Question

PI3Br₂ is a nonpolar molecule. Based on this information, determine the I−P−I bond angle, the Br−P−Br bond angle, and the I−P−Br bond angle. Enter the number of degrees of the I−P−I, Br−P−Br, and I−P−Br bond angles, separated by commas (e.g., 30,45,90)

A) 90, 120, 180
B) 120, 180, 90
C) 180, 90, 120
D) 90, 180, 120

Answer 1

The bond angles in PI3Br2 with trigonal bipyramidal geometry are I-P-I: 180°, Br-P-Br: 120°, I-P-Br: 90°, making the correct answer D) 90, 180, 120.

Step-by-step explanation:

Considering that PI3Br2 is nonpolar and assuming it has a trigonal bipyramidal geometry, we would expect the phosphorus atom to be surrounded by five regions of electron density. This geometry arises because there are five bonding pairs of electrons with no lone pairs on the central phosphorus atom (AX5 molecular geometry). Since the molecule is nonpolar, this suggests that the more electronegative iodine atoms are in the axial positions to minimize repulsion, resulting in a linear arrangement for the I-P-I bond angle (180°).

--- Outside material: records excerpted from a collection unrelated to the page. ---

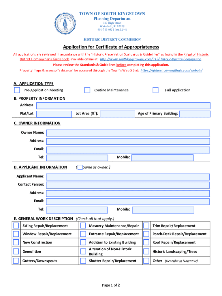Kingston Historic DistrictHomeowners GuidebookTown of South Kingstown, Rhode Island as amended June 2013 Rev. 9/29/2022Acknowledgements The South Kingstown Historic District Commission wishes to thank
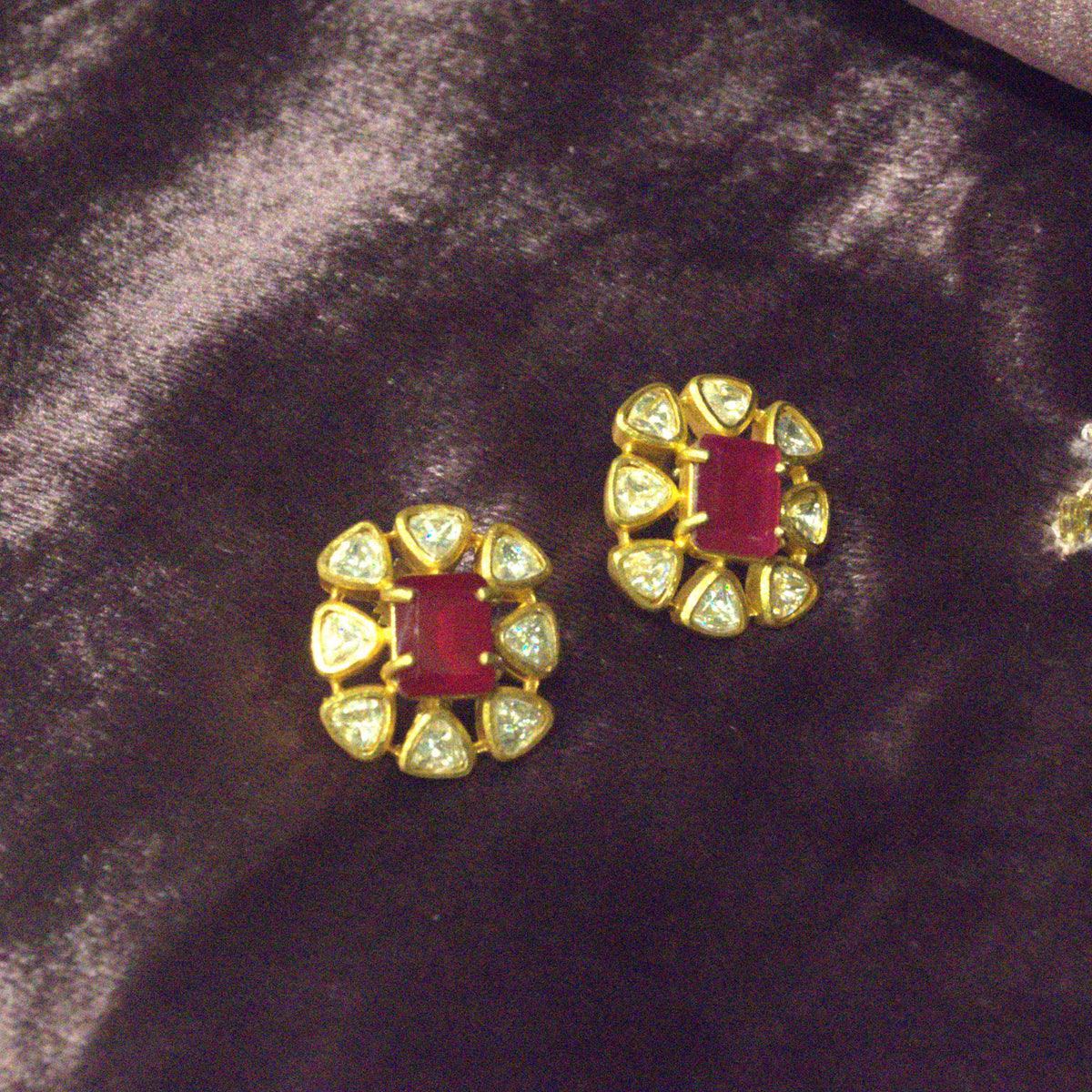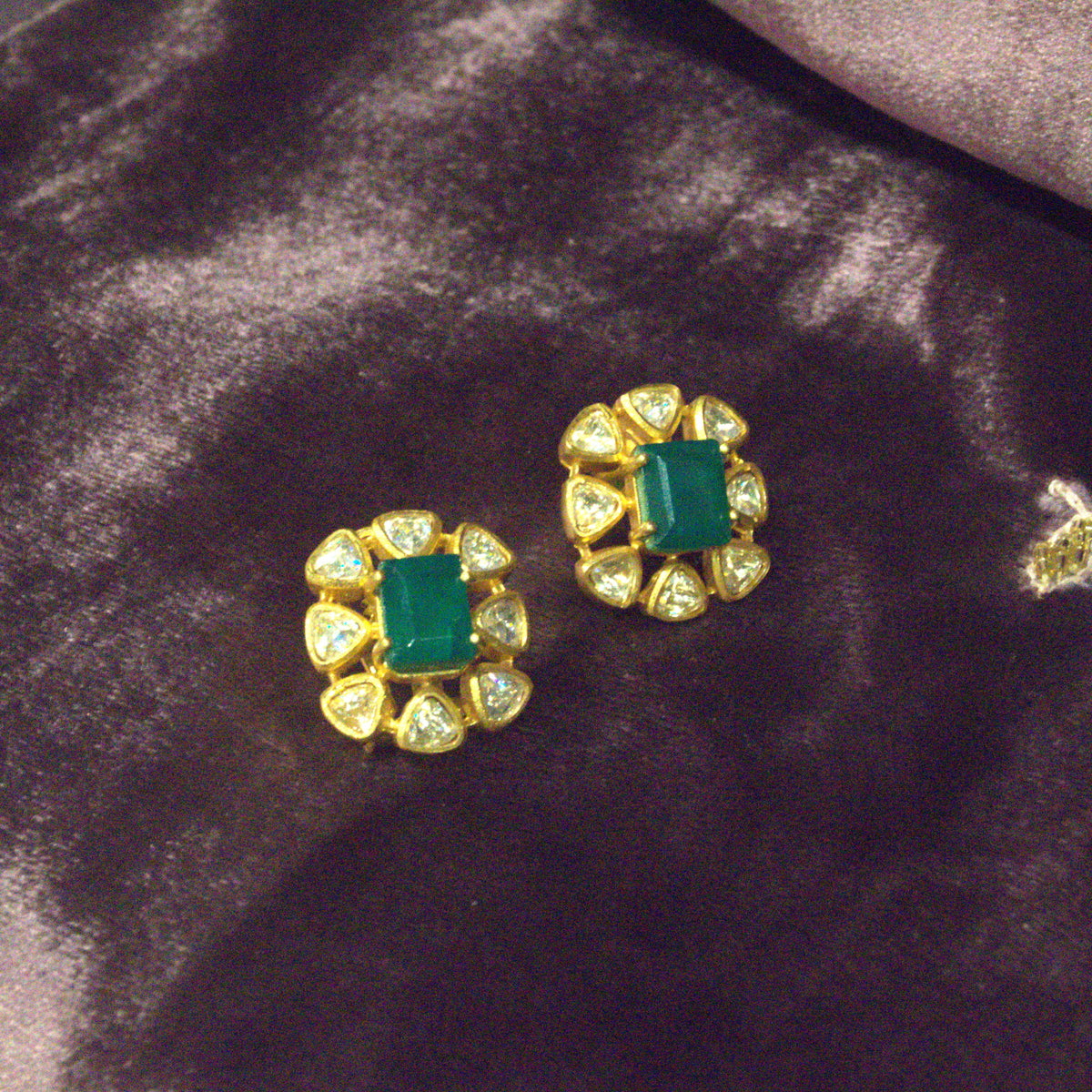 - Moissanite polki, semi precious stones, 92.5 silver and gold plated.
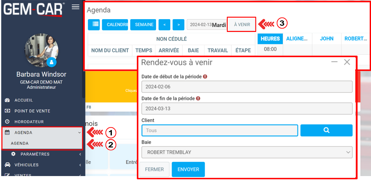 Pour trouver un rendez-vous prévu pour un client, cliquez sur le menu principal de gauche > Agenda > Agenda > À venir.
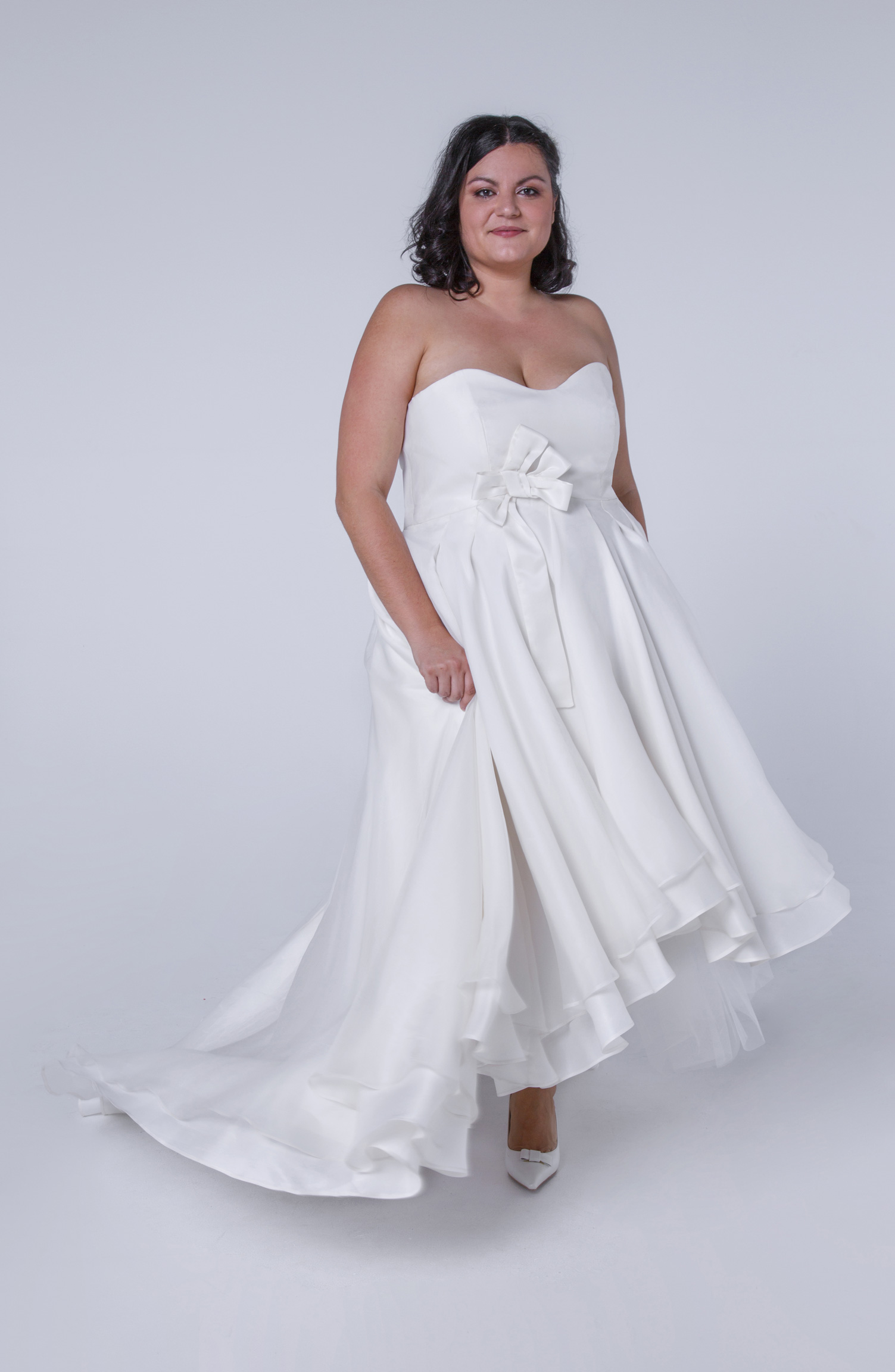 Les plis qui donnent un volume sympathique a la jupe et le noeud origami font l’originalité de ce modèle.
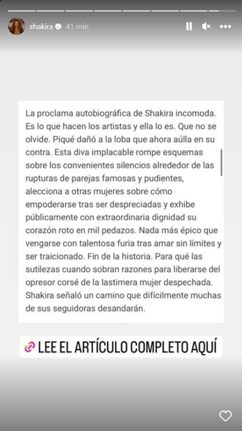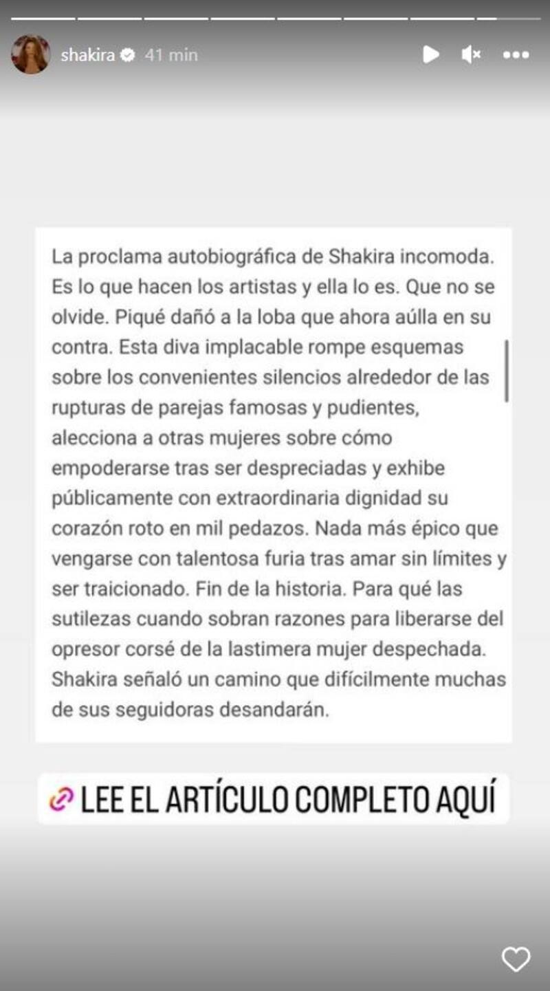 Dicho texto no es de su autoría sino de un artículo de opinión de Erika Fotalvo de El Heraldo y que al parecer describe a la perfección el sentir de la cantante, que ha sido tachada de machista por las rimas dedicadas a la nueva pareja de su ex, así como de ridícula por exponer en público lo sucedido en su relación, olvidándose por completo del bienestar de sus hijos, Sasha y Milán.

To maintain the molecule's nonpolarity, the two bromine atoms would be situated in two of the equatorial positions, putting them 120° apart from each other. Hence, the Br-P-Br bond angle is 120°. The I-P-Br bond angle would then be 90°, as the axially-positioned iodine atoms are perpendicular to the plane of the bromine atoms.

In conclusion, the bond angles in PI3Br2 are I-P-I: 180°, Br-P-Br: 120°, I-P-Br: 90°. Therefore, the correct answer is D) 90, 180, 120.